● Activity:
Restate all data exactly. No images.

● Dataset extract:
>>>

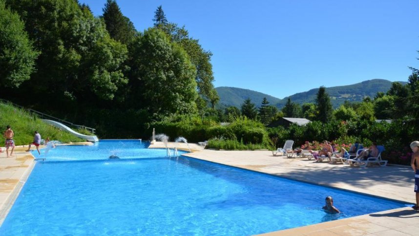 The swimming pools have fountains, a toboggan and sun beds either on grass or the tiled surrounds. The Lot river runs alongside the site where you can fish or canoe and swimming may be possible. The old town of Saint Geniez-d’Olt, just 500 m. away, can be reached by a riverside path. Here you’ll find plenty of bars and restaurants along with small clothes shops and regional products.
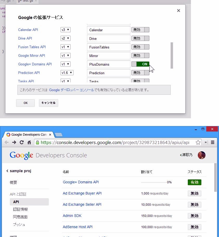 Googleの拡張サービスのダイアログにある「Googleデベロッパーコンソール」のリンクをクリックすると、「Googleコンソール」という開発者向けのコンソールページが現れます。ここで、「Google+ Domains API」を探してONにしてください。
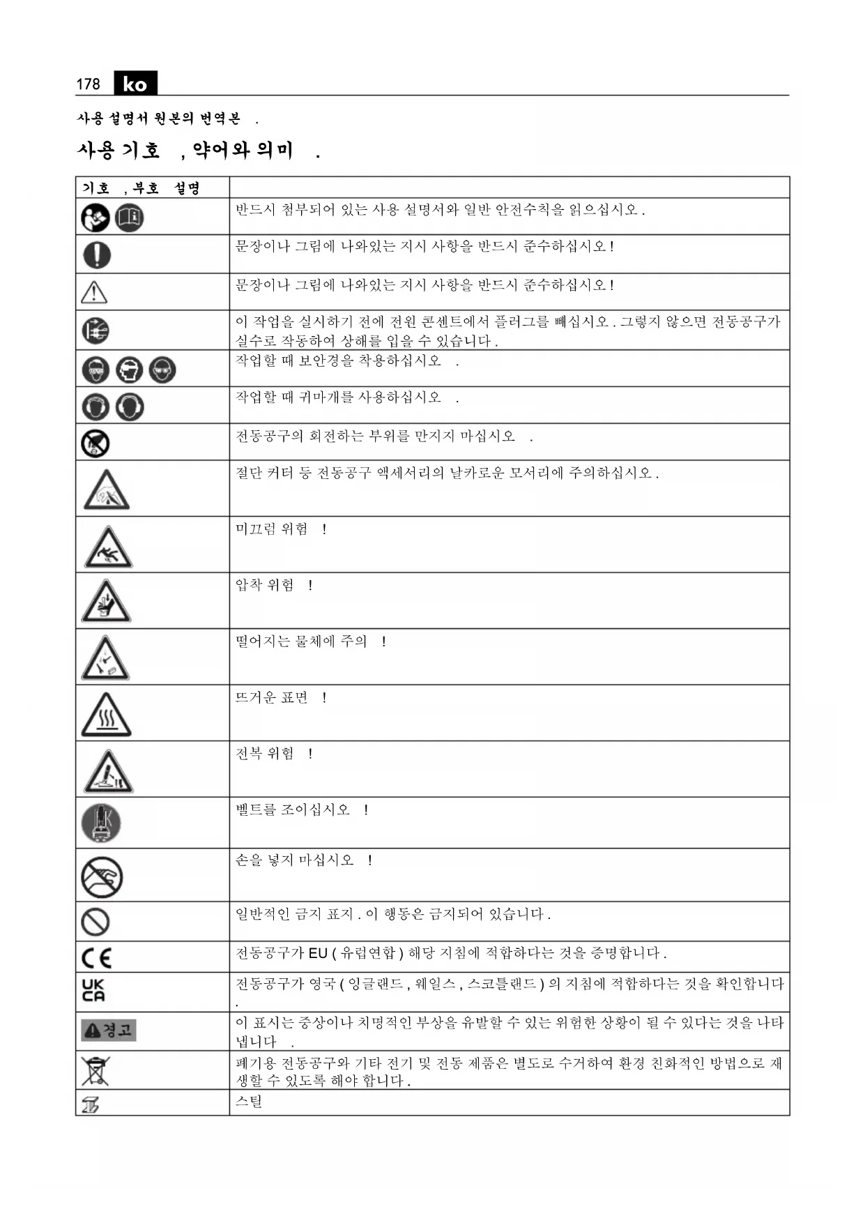 벨트를 조이십시오 ! 손을 넣지 마십시오 ! 일반적인 금지 표지 . 이 행동은 금지되어 있습니다 . 전동공구가 EU ( 유럽연합 ) 해당 지침에 적합하다는 것을 증명합니다 . 전동공구가 영국 ( 잉글랜드 , 웨일스 , 스코틀랜드 ) 의 지침에 적합하다는 것을 확인합니다

<<<

● Answer to this task:
 The swimming pools have fountains, a toboggan and sun beds either on grass or the tiled surrounds. The Lot river runs alongside the site where you can fish or canoe and swimming may be possible. The old town of Saint Geniez-d’Olt, just 500 m. away, can be reached by a riverside path. Here you’ll find plenty of bars and restaurants along with small clothes shops and regional products.
 Googleの拡張サービスのダイアログにある「Googleデベロッパーコンソール」のリンクをクリックすると、「Googleコンソール」という開発者向けのコンソールページが現れます。ここで、「Google+ Domains API」を探してONにしてください。
 벨트를 조이십시오 ! 손을 넣지 마십시오 ! 일반적인 금지 표지 . 이 행동은 금지되어 있습니다 . 전동공구가 EU ( 유럽연합 ) 해당 지침에 적합하다는 것을 증명합니다 . 전동공구가 영국 ( 잉글랜드 , 웨일스 , 스코틀랜드 ) 의 지침에 적합하다는 것을 확인합니다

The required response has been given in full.